- When you write the letter, think about your audience. I know, this goes without saying, but you'd be surprised at how many writers do not address the criteria for the job they're applying for. If a committee at Small Directional State U gets an application from Fancy U many thousands of miles away, one natural question is this: why is Fancy U Ph.D. applying here? If the letter is the standard research/teaching boilerplate, without any mention of the job except for the INSERT JOB TITLE HERE slot in the first paragraph, the search committee may deduce, probably correctly, that the applicant is papering the known world with applications and decide that the writer isn't serious.

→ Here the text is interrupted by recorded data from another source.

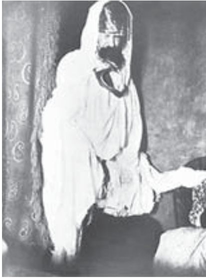
Figure 2. Bien Boa

ESP literature, was Richet's article about mental suggestion, or the "influence that an individual's thought exerts over a specific sense, without an appreciable exterior phenomenon on our senses, over the thought of a nearby individual" (Richet 1884b:615). This included transmission of thoughts and images, as well as other effects such as the induction of trance at a distance. In the paper, Richet described his use of statistical analyses in several guessing tasks with various targets, as well as discussions of conceptual ideas such as the unconscious nature of the process (see also Alvarado 2008).
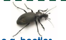
e.g. beetles, ants, flies, bees (and more!)
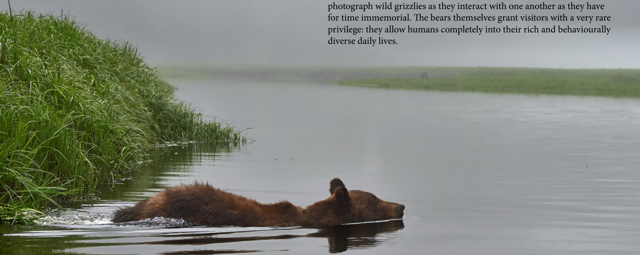
The Khutzeymateen Estuary. Accessible only at high tide, the Khutzeymateen estuary is a grass and wildflower covered grizzly garden (complete with water features!). We'll split our time in the field between the estuary and several of the alluvial fans found in the main Khutzeymateen Inlet.

The Khutzeymateen Grizzly Sanctuary. The 39,000 hectare (96,000 acre) Khutzeymateen Grizzly Sanctuary is Canada's only Grizzly Bear sanctuary and is located at the tip of a long and remote inlet on the northern coast of British Columbia. There are no roads, settlements, or even campsites in the region - it is true pristine wilderness. The bulk of the sanctuary is closed to the public – only two professional guides have licenses to lead very small groups into the heart of this majestic and globally unique ecosystem. The inlet is home to about 50 resident grizzlies, with many more passing through during the year. This remote piece of wilderness is set within one of the planet's few remaining completely intact temperate rainforests and offers a stunning, verdant backdrop to observe and photograph wild grizzlies as they interact with one another as they have for time immemorial. The bears themselves grant visitors with a very rare privilege: they allow humans completely into their rich and behaviourally diverse daily lives.

- And then think about your audience again. If you're applying for a job at a teaching-oriented school, it's not just a matter of switching the paragraphs around and putting your teaching paragraph first instead of your research paragraph. The search committee will want to know how all those grandiose statements about teaching will translate into the courses you can teach for them. The job ad should give you some clues, even if it seems schizophrenic (eighteenth-century literature and modern poetry, for example). Use those clues, and talk about your teaching in specific ways.
- And again. This usually comes out only in the interview, if you get that far, but if there's any hint of condescension, of how grateful the school should be to get your expertise, coming as you do from Big R1, know this: such an attitude is not received well. At all.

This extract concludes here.